Nonlinear programming

Last updated August 16, 2024

In mathematics, nonlinear programming (NLP) is the process of solving an optimization problem where some of the constraints are not linear equalities or the objective function is not a linear function. An optimization problem is one of calculation of the extrema (maxima, minima or stationary points) of an objective function over a set of unknown real variables and conditional to the satisfaction of a system of equalities and inequalities, collectively termed constraints. It is the sub-field of mathematical optimization that deals with problems that are not linear.

Definition and discussion

Let n, m, and p be positive integers. Let X be a subset of Rⁿ (usually a box-constrained one), let f, g_i, and h_j be real-valued functions on X for each i in {1, ..., m} and each j in {1, ..., p}, with at least one of f, g_i, and h_j being nonlinear.

A nonlinear programming problem is an optimization problem of the form

{\begin{aligned}{\text{minimize }}&f(x)\\{\text{subject to }}&g_{i}(x)\leq 0{\text{ for each }}i\in \{1,\dotsc ,m\}\\&h_{j}(x)=0{\text{ for each }}j\in \{1,\dotsc ,p\}\\&x\in X.\end{aligned}}

Depending on the constraint set, there are several possibilities:

feasible problem is one for which there exists at least one set of values for the choice variables satisfying all the constraints.
an infeasible problem is one for which no set of values for the choice variables satisfies all the constraints. That is, the constraints are mutually contradictory, and no solution exists; the feasible set is the empty set.
unbounded problem is a feasible problem for which the objective function can be made to be better than any given finite value. Thus there is no optimal solution, because there is always a feasible solution that gives a better objective function value than does any given proposed solution.
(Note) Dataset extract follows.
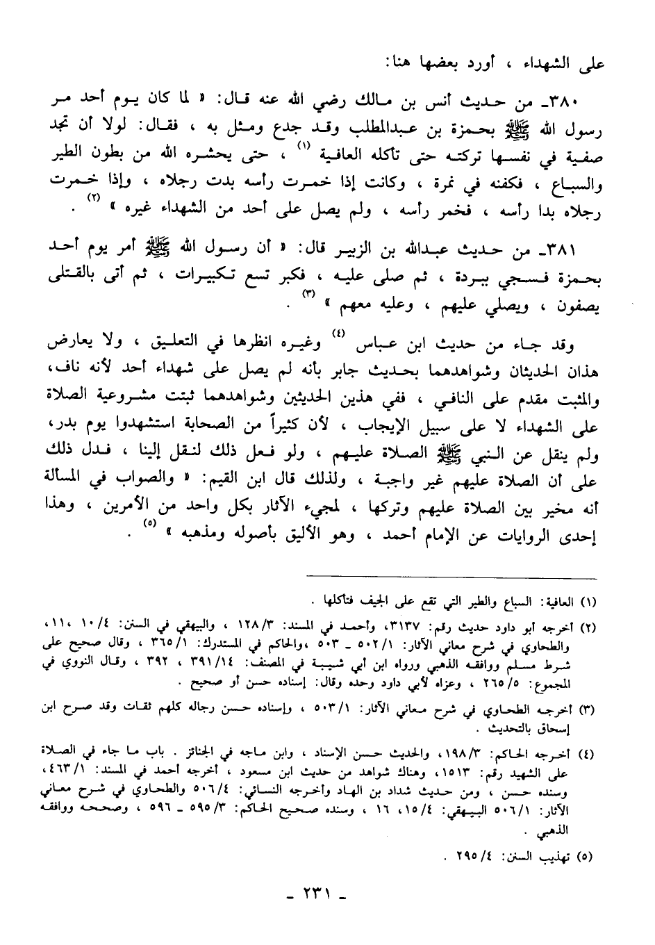 (¬4) أخرجه الحاكم: 3/ 198، والحديث حسن الإسناد، وابن ماجه في الجنائز. باب ما جاء في الصلاة على الشهيد رقم: 1513، وهناك شواهد من حديث ابن مسعود، أخرجه أحمد في المسند: 1/ 463، وسنده حسن، ومن حديث شداد بن الهاد وأخرجه النسائي: 4/ 506 والطحاوي في شرح معاني الآثار: 1/ 506 البيهقي: 4/ 15، 16، وسنده صحيح الحاكم: 3/ 595 - 596، وصححه ووافقه الذهبي.

Most realistic applications feature feasible problems, with infeasible or unbounded problems seen as a failure of an underlying model. In some cases, infeasible problems are handled by minimizing a sum of feasibility violations.

Some special cases of nonlinear programming have specialized solution methods:

If the objective function is concave (maximization problem), or convex (minimization problem) and the constraint set is convex, then the program is called convex and general methods from convex optimization can be used in most cases.
If the objective function is quadratic and the constraints are linear, quadratic programming techniques are used.
If the objective function is a ratio of a concave and a convex function (in the maximization case) and the constraints are convex, then the problem can be transformed to a convex optimization problem using fractional programming techniques.

Applicability

A typical non-convex problem is that of optimizing transportation costs by selection from a set of transportation methods, one or more of which exhibit economies of scale, with various connectivities and capacity constraints. An example would be petroleum product transport given a selection or combination of pipeline, rail tanker, road tanker, river barge, or coastal tankship. Owing to economic batch size the cost functions may have discontinuities in addition to smooth changes.

In experimental science, some simple data analysis (such as fitting a spectrum with a sum of peaks of known location and shape but unknown magnitude) can be done with linear methods, but in general these problems are also nonlinear. Typically, one has a theoretical model of the system under study with variable parameters in it and a model the experiment or experiments, which may also have unknown parameters. One tries to find a best fit numerically. In this case one often wants a measure of the precision of the result, as well as the best fit itself.

Methods for solving a general nonlinear program

Analytic methods

Under differentiability and constraint qualifications, the Karush–Kuhn–Tucker (KKT) conditions provide necessary conditions for a solution to be optimal. If some of the functions are non-differentiable, subdifferential versions of Karush–Kuhn–Tucker (KKT) conditions are available.^[1]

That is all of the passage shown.